2. A multi-position fixture as defined in claim 1 wherein said retainer element threadably engages said enlarged end.
3. A multi-position fixture as defined in claim 1 wherein said flanged end comprises a disk one piece with and projecting radially outwardly from said hoist head member.
4. A multi-position fixture as defined in claim 3 wherein said retainer element comprises a ring having an inside diameter which is less than the outside diameter of said disk.
5. A multi-position fixture as defined in claim 1 further comprising a lifting loop and a lift pin, said lift pin pivotally securing said lifting loop to said hoist head.
6. A multi-position fixture assembly adapted to swivel through a complete 360 degree arc, comprising:
a one piece captive body having a threaded end and an opposed enlarged end, said threaded end adapted to attach to an object to be lifted, said enlarged end including a swivel cavity and external hex head, said swivel cavity having a bottom, a generally axially extending opening opposed to said threaded end, and a generally cylindrical side wall, said hex head adapted to be engaged by a wrench to torque said fixture to an object to be lifted, said cylindrical side wall including a threaded portion;
a hoist head having a flanged end and a free end, said flanged end being received within said swivel cavity adjacent said bottom and said cylindrical side wall; said free end having a load bearing bore;
a retainer threadably engaging said threaded portion of said swivel cavity adjacent said flanged end and loosely retaining said flanged end within said swivel cavity;
a retainer locking member adapted to prevent said retainer from disengaging from said swivel cavity;
a lifting loop pivotally secured to said hoist head by a lift pin received in said load bearing bore.

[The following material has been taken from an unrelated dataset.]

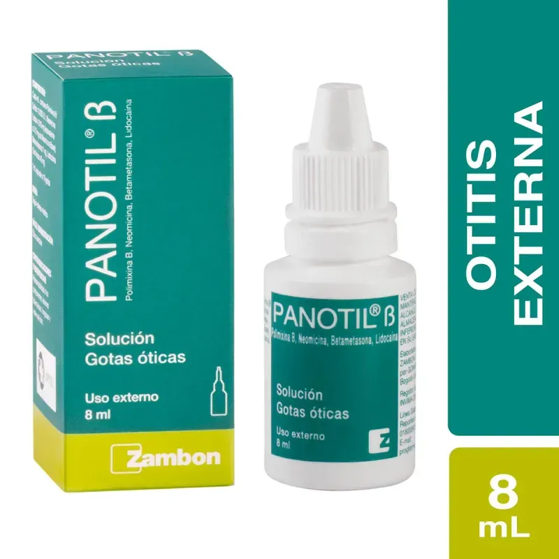 Panotil-B Solución Otica Betametasona 1 Mg Lidocaina Clorhidrato 40 Mg Neomicina 3.7 Mg Polimixina 10000 8 Ml Ui Zambon. Este producto es un medicamento, no exceder su consumo. Leer indicaciones y contraindicaciones, si los síntomas persisten consultar al médico. Venta bajo fórmula médica.

7. A multi-position fixture assembly adapted to swivel through a complete 360 degree arc, comprising:
a one piece captive body having a threaded end integral with and opposed to an enlarged end, said threaded end adapted to attach said fixture assembly to an object to be lifted, said enlarged end having a swivel cavity, said swivel cavity opening generally axially opposed to said threaded end;
a hoist head having a flanged end and a free end, said free end having a load bearing bore, said flanged end positioned inside said swivel; and
a retainer threadably engaging said swivel cavity and adjacent said flanged end, said retainer captively and swively retaining said flanged end within said swivel cavity.
8. A fixture as defined in claim 7 further comprising a snap ring, said snap ring engaging a groove in said swivel cavity and adapted to prevent said retainer from disengaging from said cavity.
9. A fixture as defined in claim 8 wherein said enlarged end includes a hex head adapted to permit said fixture to be torqued down to an object to be lifted.
10. A fixture as defined in claim 9 further comprising a lifting loop and a lift pin;
said lifting loop having two opposed legs, each said leg including a mount hole, said mount holes being generally in axial alignment with one another;
said lift pin pivotally securing said lifting loop to said hoist head by engaging said mount holes and a load bearing bore in said free end of said hoist head.
1. Field of the Invention
The invention relates in general to hoist ring assemblies and, in particular, to a compact, high strength, multi-position hoist ring assembly.
2. Description of the Prior Art
Hoist ring assemblies have been widely used throughout industry to provide, for example, a means for quickly attaching a lifting device such as a crane or jack to a heavy object which is to be lifted. Hoist ring assemblies are generally considered to be critical safety items because, if a failure occurs, a heavy object may be dropped resulting in damage to people, the object, and its surroundings.
A variety of hoist ring assemblies having different load and swivel capabilities had previously been proposed. One variety, for example, is capable of swiveling throughout a complete 360 degree arc, and at the same time capable of being swung throughout an arc of substantially 180 degrees in a direction perpendicular to the 360 degree swivel arc, irrespective of the manner in which the fixture is attached to the load. For purposes of ease of description, a hoist ring assembly having this swiveling capability is sometimes herein referred to as a "multi-position fixture".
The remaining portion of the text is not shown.